Sono ormai diventata un'affezionata frequentatrice del cinema Troisi, anche per la possibilità di partecipare a presentazione e dibattiti che riguardano i film in programmazione.
In questo caso, in occasione della Giornata della memoria, è prevista la proiezione del film Quel giorno tu sarai di Kornél Mundruczó, la cui sceneggiatura è stata scritta da Kata Wéber, autrice ungherese di madre ebrea, nonché moglie del regista.
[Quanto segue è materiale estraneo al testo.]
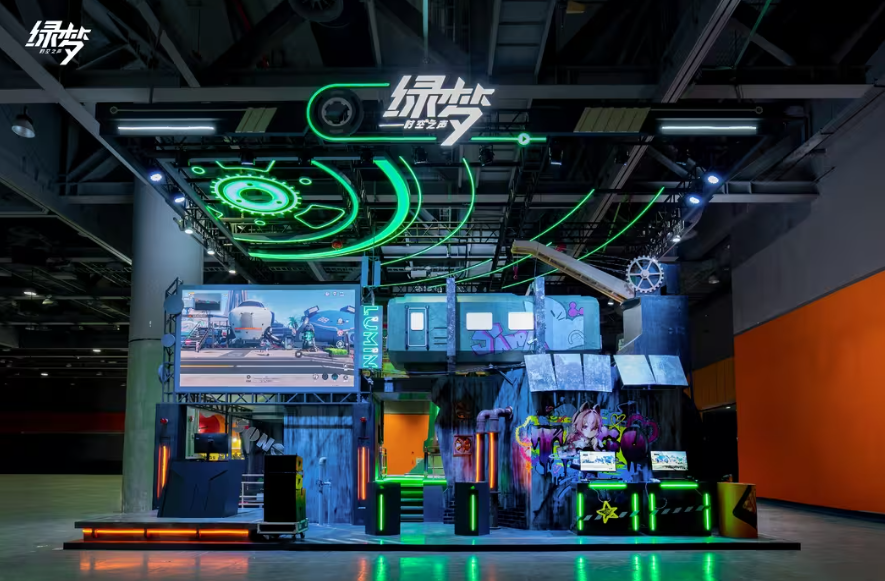 本届萤火虫漫展,《绿梦:时空之声》为观众带来现场最具末日科幻美感的置景,展台以展现后灾难时代的人类文明为核心设计理念,造型融合工业朋克与废土美学,呈现出极具辨识度的视觉风格——半空中呼啸而过的有轨电车,复古的机械框架结构,搭配锈蚀钢板、管道齿轮与发光线路,营造出末世都市中顽强运行的工业基地氛围。展台整体布景层次丰富,将“废墟中的希望”这一概念具象化,为玩家构建出真实可感的游戏世界入口。

Al dibattito/presentazione che precede il film, organizzato dalla rivista e il Centro Studi Confronti e dall'Associazione Piccolo America, partecipano la stessa sceneggiatrice (in video-collegamento), il regista e sceneggiatore Alberto Caviglia, la filosofa Raffaella Di Castro, la giornalista e scrittrice Lia Tagliacozzo, moderati da Michele Lipori. Viene anche proiettato un videomessaggio registrato della scrittrice ungherese Edith Bruck, sopravvissuta ai campi di sterminio e vincitrice del Premio Strega Giovani 2021 con il libro Il pane perduto. Il dibattito è interessante, anche se è parecchio disturbato da problemi di collegamento con la Webér cosicché risulta un po' meno coinvolgente di quanto avrebbe potuto essere.
Il film di Mundruczó, regista già conosciuto in Italia per la precedente pellicola Pieces of a woman (che però io non ho visto), racconta la storia dell'eredità della Shoah su tre generazioni, quella di Éva (miracolosamente ritrovata, piccolissima, in un campo di concentramento dopo l'arrivo dei russi), quella di Léna, la figlia di Éva (arrivata a Budapest per accudire la madre ormai anziana), e quella di Jonas, il figlio adolescente con cui Léna vive a Berlino.
Il tema centrale del film è certamente quello della memoria, strettamente connesso a quello dell'eredità della Shoah attraverso le generazioni, tema tra l'altro molto sensibile in un momento in cui i testimoni oculari dell'Olocausto sono rimasti in pochi e nel giro di qualche anno non ci saranno più.
Quel giorno tu sarai parla anche di questo, mostrando come - allontanandosi da Éva, che porta con sé i propri ricordi ma soprattutto i racconti di coloro che nella sua generazione hanno vissuto l'orrore dei campi di concentramento - il significato dell'essere ebrei e di quello che la Shoah ha rappresentato per loro comincia ad affievolirsi e ad essere percepito come un peso di cui liberarsi, più che come una vicenda collettiva di cui coltivare la memoria.
Mundruczó sceglie una forma cinematografica peculiare per comunicare questo processo: innanzitutto un formato piuttosto stretto dello schermo (una specie di 4:3) e in secondo luogo tre lunghissimi piani sequenza, che nelle tre parti del racconto non si staccano un attimo dai protagonisti e non danno respiro allo spettatore.
Sceneggiatrice e regista scelgono inoltre immagini forti (penso soprattutto a quella iniziale dei soldati che ripuliscono una delle celle del campo di concentramento) e molti simboli, primo fra tutti quello dell'acqua, protagonista sia nel primo capitolo che nel secondo, simbolo di purificazione. Anche nel terzo capitolo non mancano passaggi narrativi simbolici: Jonas che si toglie l'ultimo dente da latte, Jonas che indossa maschere di mostri, Jonas che si innamora di una ragazzina immigrata.
Per quanto mi riguarda, pur apprezzando la confezione stilistica del film e la forza di alcuni suoi contenuti, sono rimasta un po' interdetta dalla semplificazione operata in termini di simboli, oltre ad aver faticato parecchio in termini di attenzione in alcuni passaggi secondo me un po' ripetitivi.
Credo sia soprattutto questione di cultura cinematografica e di scelte narrative che sento meno vicine alla mia sensibilità e con cui faccio fatica a entrare in sintonia.